This paper highlighted a systematic review of 35 publications about animation's importance and its impact on viewer's visual attention and cognition. These publications were collected from 2015 to 2021 and are grouped into 3 categories. The risk of bias in the study design carried out in these publications was briefed. The attention-related factors such as animation motion, animated character, color, and intensity were assessed in the field of food marketing, teaching, entertainment, and advertisement. The animation motion and animated character are significant, whereas color and intensity are insignificant. The cognitive effects developed in the viewers are executive function, comprehension, spatial ability, and symbolic mediation. Meanwhile, the physical effects included confidence in their own body image and the importance of physical exercise. The limitations and recommendations associated with these 35 publications were elaborated. Also, the open challenges and issues under each category were summarized. The identified future research directions ideas may further strengthen the necessity for improving the visual quality of the animation.

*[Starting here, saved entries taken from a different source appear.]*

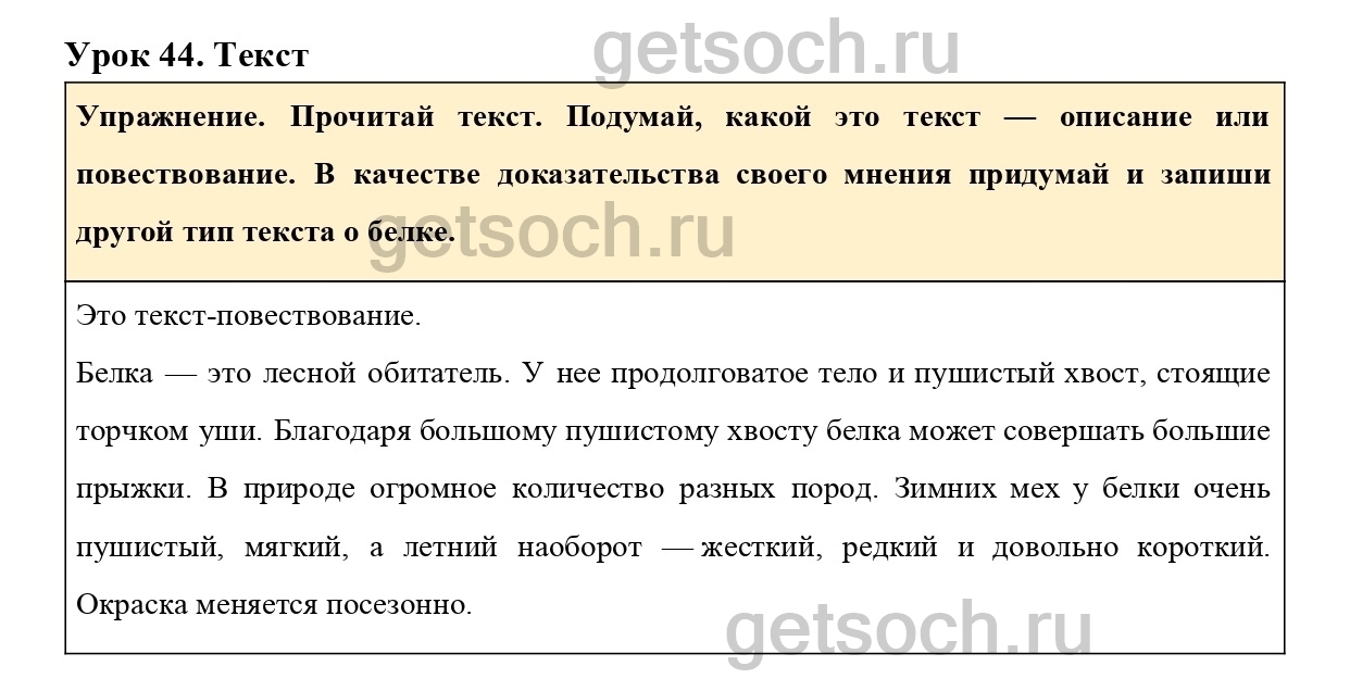 Упражнение. Прочитай текст. Подумай, какой это текст — описание или повествование. В качестве доказательства своего мнения придумай и запиши другой тип текста о белке.
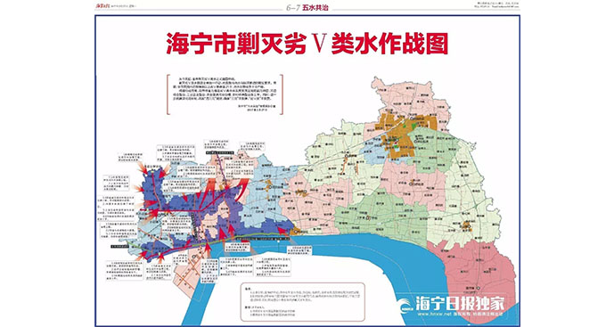 行动 2月24日,我市出台《劣V类水剿灭行动方案》,计划通过2017年整体剿灭全域劣V类水。2月27日起,海宁市剿灭劣Ⅴ类水正式挂图作战。 总体目标:至2017年年底,海宁市劣V类水全境、全流域、全消灭,全市水环境质量实现历史性突破。 时间安排:2月中旬全面开展海宁市劣V类水剿灭行动,10月底前初步达到消劣目标,年底全面通过验收,镇村级河道及小微水体同步剿灭劣V类水。
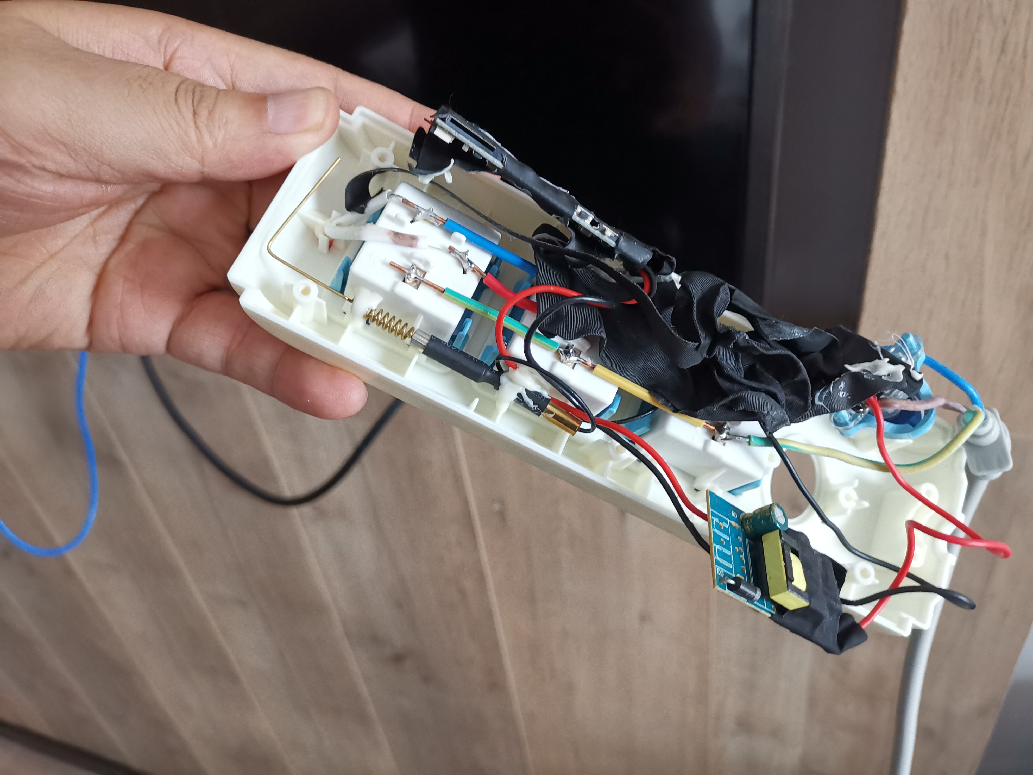 7月3日下午4时,大河报·大河客户端记者赶到该酒店,看到白色插板的位置在电视机正下方,一侧有一个针孔,正对着床的位置,拆开后里边有多条电线,显然是经过改装过的插板。
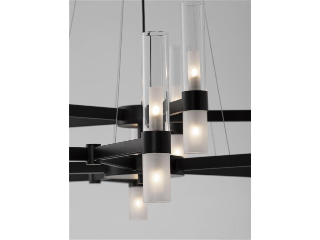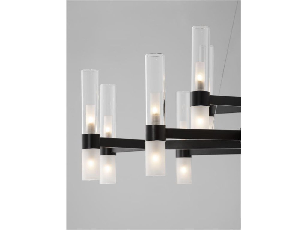 Závěsné svítidlo CENTURY matná černá a čiré a matné sklo (2m ocelové lanko) 12xG9 - NOVA LUCE
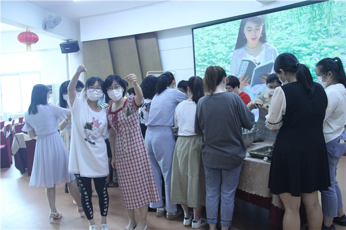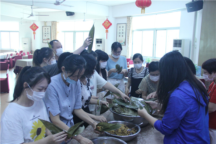 活动在诵读屈原《离骚》经典名句中拉开序幕。“路漫漫其修远兮,吾将上下而求索……,通过声情并茂的诵读,让大家深刻感受到屈原对于真理、对于信仰的执着追求,从中学习屈原伟大的胸襟和强烈的爱国主义精神和民族精神。大屏幕上还播放了与端午节相关的视频,让大家庭在观看中进一步了解端午节的历史文化背景和传统风俗民情。随后,大家围到了长桌前,在食堂阿姨的耐心示范和指导下,按照折叶、盛料、压实、裹叶、扎绳等步骤动手包起了粽子。你帮我梳理粽叶,我帮你捆绑粽绳,大家在分享中学习,在交流中成长,小小的粽子裹进了大家浓浓的情谊和深深的祝福,活动现场欢乐又温馨。大家把自己包好的粽子提在手上,看着自己丰硕的劳动成果,每个人的脸上都露出了灿烂的笑容。

The major limitation of this study is that the recently published articles were not included (i.e., publications in 2022). Several important animation research fields, such as gaming, medical, and entertainment, were not covered in this paper. Future research should include the recently published articles to enhance the quality and validate the findings in this study. In addition, the future study focuses on assessing the influence of animation motion and animated characters on the viewer's visual attention.

Data Availability

Conflicts of interest.

The authors declare that there are no conflicts of interest regarding the publication of this paper.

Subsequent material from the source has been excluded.